= THE PROBLEM =
The required answer is the run of lines from the one holding "04 Githubを使ってみよう 各自の状態に応じて操作が変わるので" to the end of the data below, copied exactly and free of pictures.

= GIVEN ENTRIES =
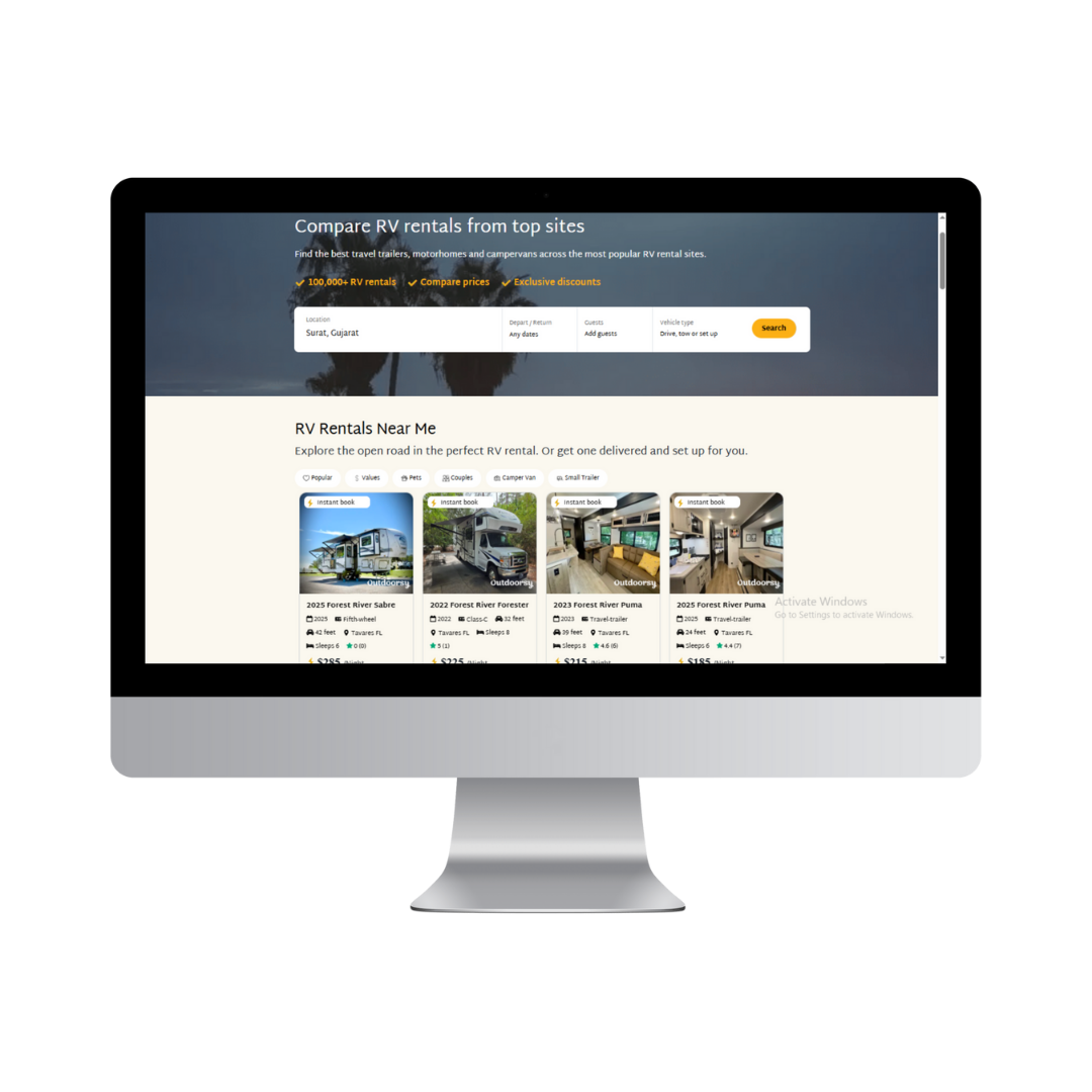 RvThereYet.com helps users search and compare RV rentals like campervans, motorhomes, and travel trailers from multiple partner marketplaces to find deals and book vehicles for road trips and camping adventures. The site includes listings from major providers and travel resources for planning trips.
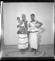 92. EAP449/2/33/92 Reference (shelfmark): EAP449/2/33/92 Title: Two women wearing dresses and pagnes standing face-forward with a baby in the studio. Collection Area: Endangered Archives Programme Languages: Not applicable Date Range: 2nd half od the 20th century Extent: 1 TIFF image
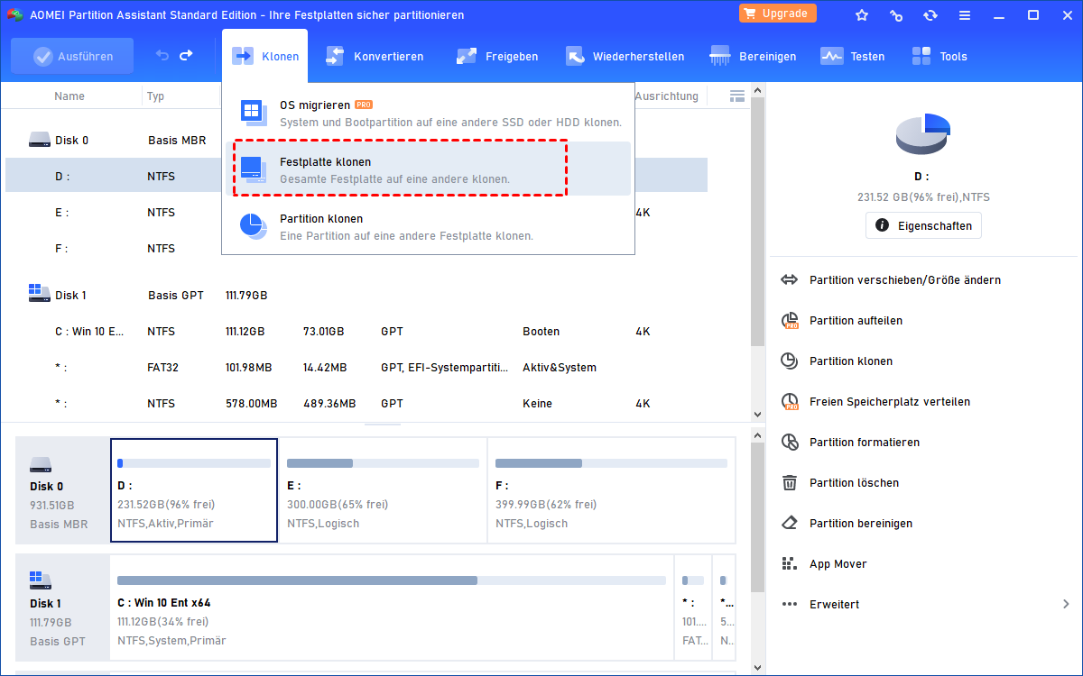 Es kann Ihnen dabei helfen, eine kleinere SanDisk SSD auf eine größere zu klonen oder eine HDD auf SanDisk SSD zu klonen. Mit der Funktion „Intelligentes Klonen“ können Sie nur den verwendeten Teil kopieren, was es möglich macht, ein größeres Laufwerk auf kleinere SSD zu klonen.
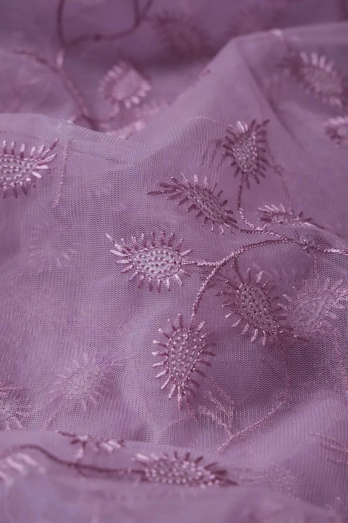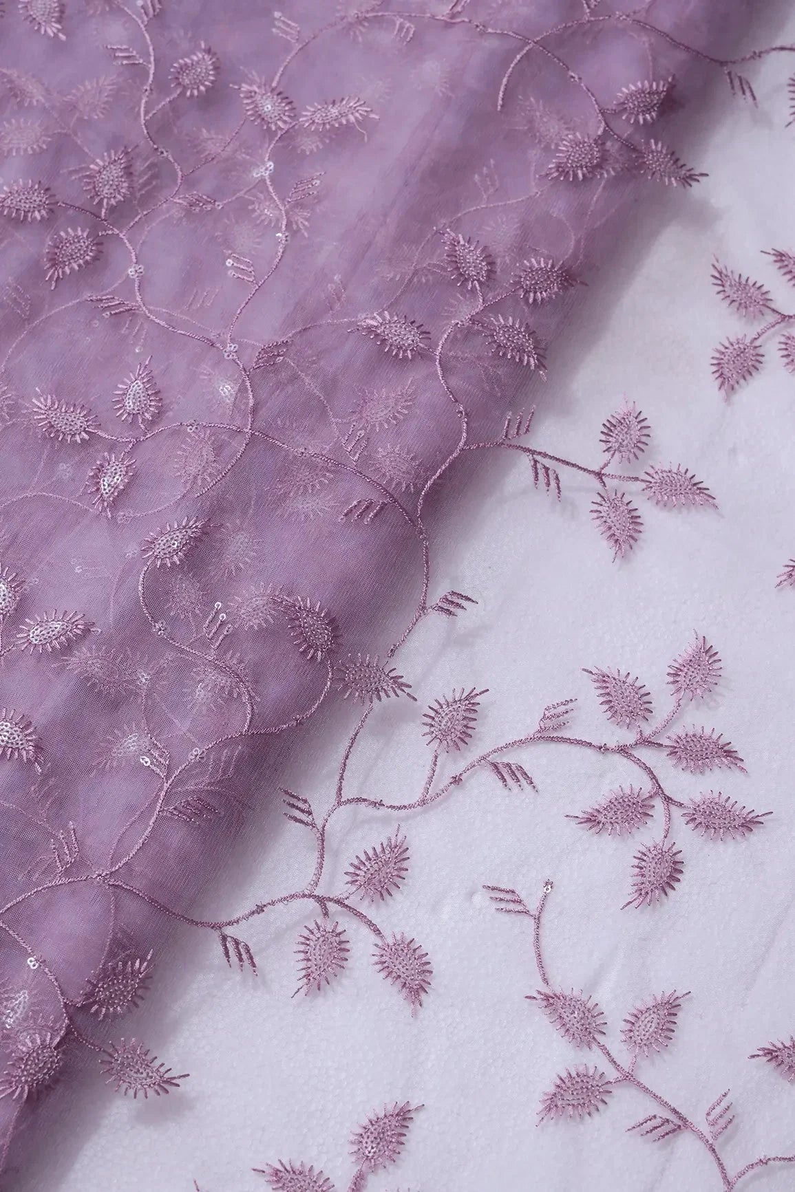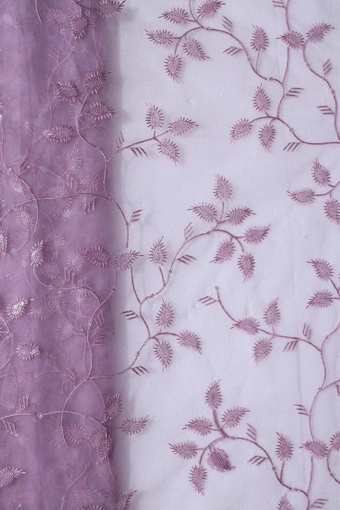 Mauve Thread With Water Sequins Leafy Embroidery On Mauve Soft Net Fabric
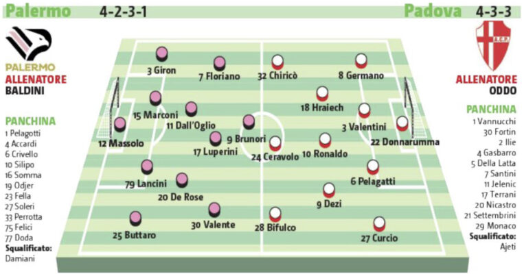 L’edizione odierna de “Il Giornale di Sicilia” ha stilato le probabili formazioni del match di questa sera tra Palermo e Padova.
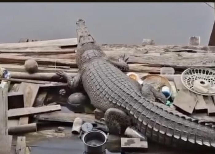 JEKTVNEWS.COM,-Seekor buaya muara terlihat muncul dan berjemur di salah satu jamban sungai di belakang rumah warga, tepatnya di Desa Serdang, Kecamatan Betara, Kabupaten Tanjung Jabung Barat, pada Jumat, 21 November 2025.
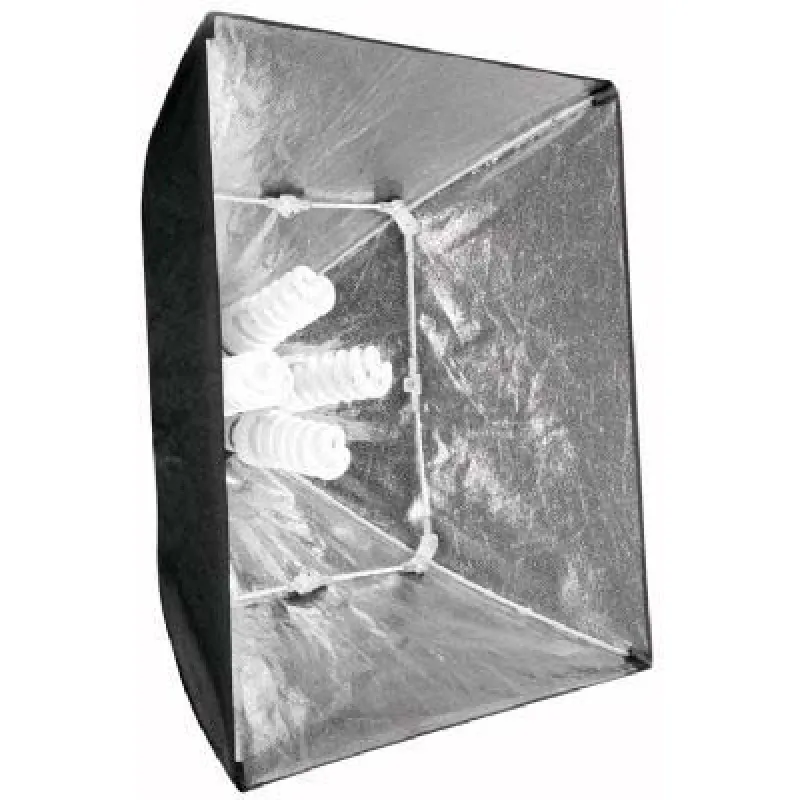 The Falcon Eyes LH-ESB6060K Continuous Daylight Set contains two standard lamp holders each with a foldable 50x50cm softbox, two diffuse cloths (50x50cm), eight 40W energy saving spiral lamps with a power comparability of 200W each and two i-2501/B light stands (2.5m).
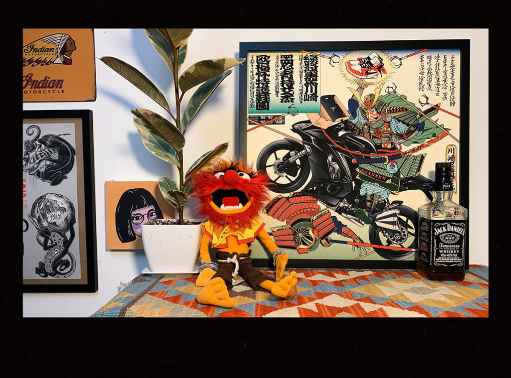 In the next photo, you see a puppet, a bottle of Jack Daniels, and the Riding King Ukiyo-e painting behind the puppet.
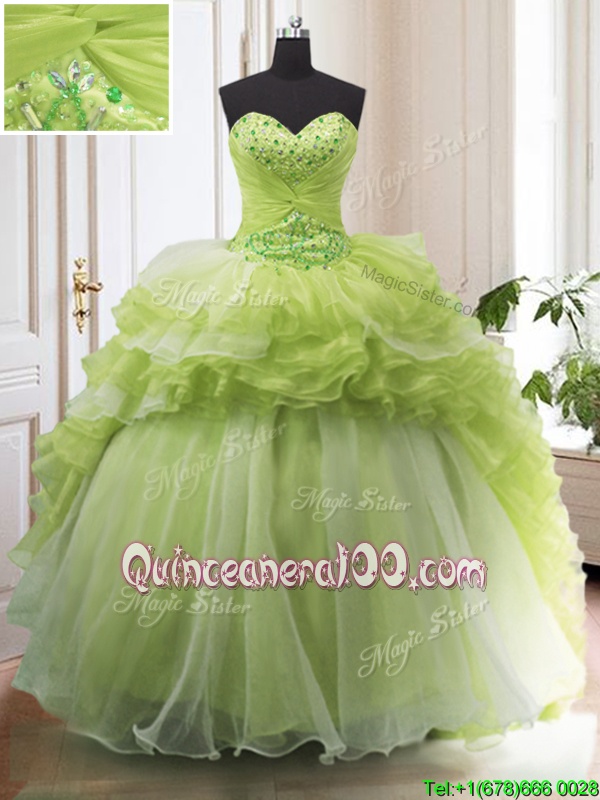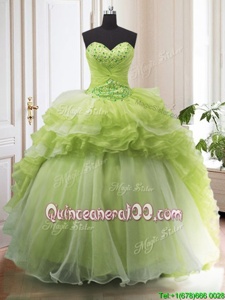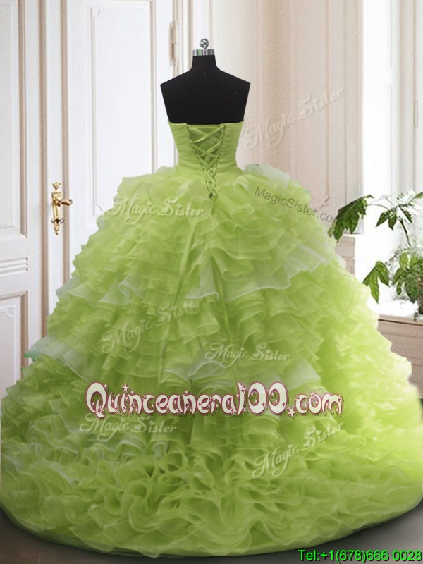 Decent Sleeveless Organza With Train Sweep Train Lace Up Quinceanera Dresses inYellow Green forSpring and Summer and Fall and Winter withBeading and Ruffled Layers
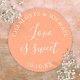 Peach wedding favor love is sweet classic round sticker. Designed by Thisisnotme©
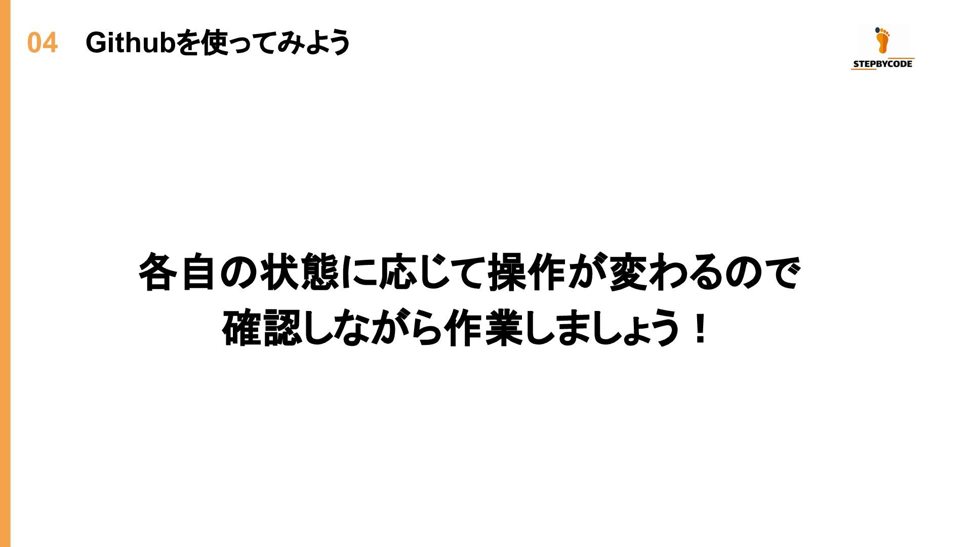04 Githubを使ってみよう 各自の状態に応じて操作が変わるので 確認しながら作業しましょう!
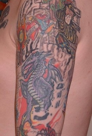 手臂龙骑士在天空纹身图案
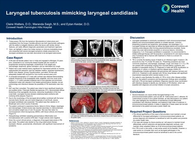• Laryngeal Tuberculosis Mimicking Laryngeal Candidiasis by Claire Walters, Maranda Saigh, and Eytan Keidar
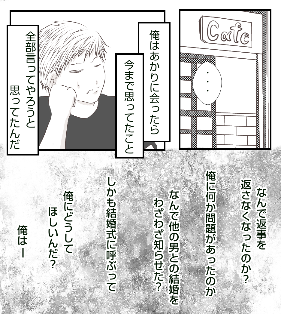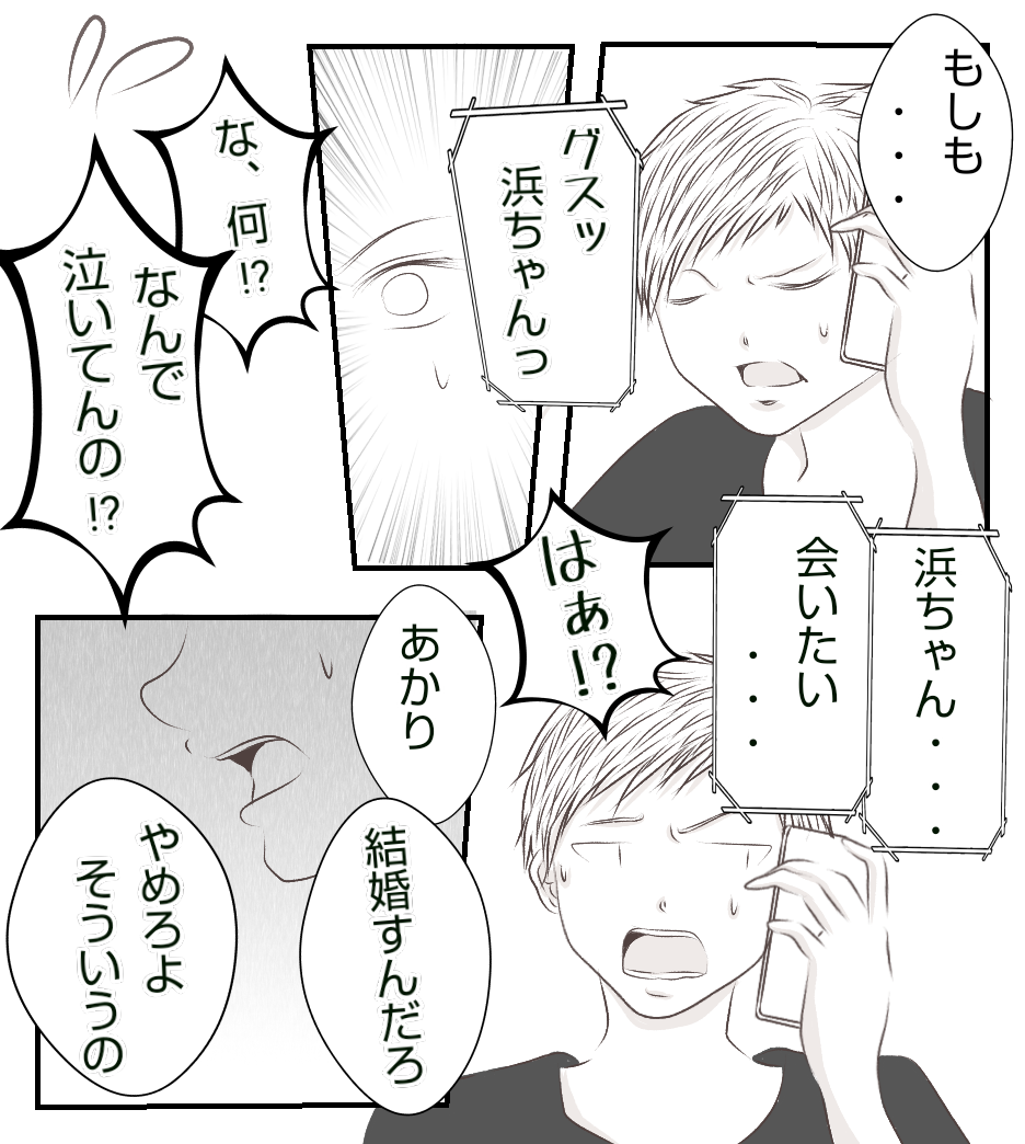 元カレ(仮)を結婚式に呼び、電話で泣き(本当に泣いてたのかな?)、待ち合わせ場所には遅刻してくるというなかなか衝撃的なことをするあかりです・・・
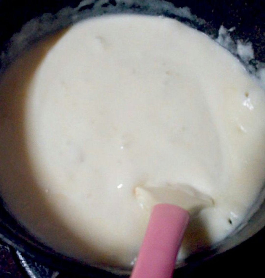 5. 크림1컵에 삶은 감자 반개 넣어서 잘 갈아주신 후 끓여줍니다. 너무 담백해서 소금 간 살짝 해줬어요.

= RESULT OF THIS TASK =
04 Githubを使ってみよう 各自の状態に応じて操作が変わるので 確認しながら作業しましょう!
 手臂龙骑士在天空纹身图案
• Laryngeal Tuberculosis Mimicking Laryngeal Candidiasis by Claire Walters, Maranda Saigh, and Eytan Keidar
 元カレ(仮)を結婚式に呼び、電話で泣き(本当に泣いてたのかな?)、待ち合わせ場所には遅刻してくるというなかなか衝撃的なことをするあかりです・・・
 5. 크림1컵에 삶은 감자 반개 넣어서 잘 갈아주신 후 끓여줍니다. 너무 담백해서 소금 간 살짝 해줬어요.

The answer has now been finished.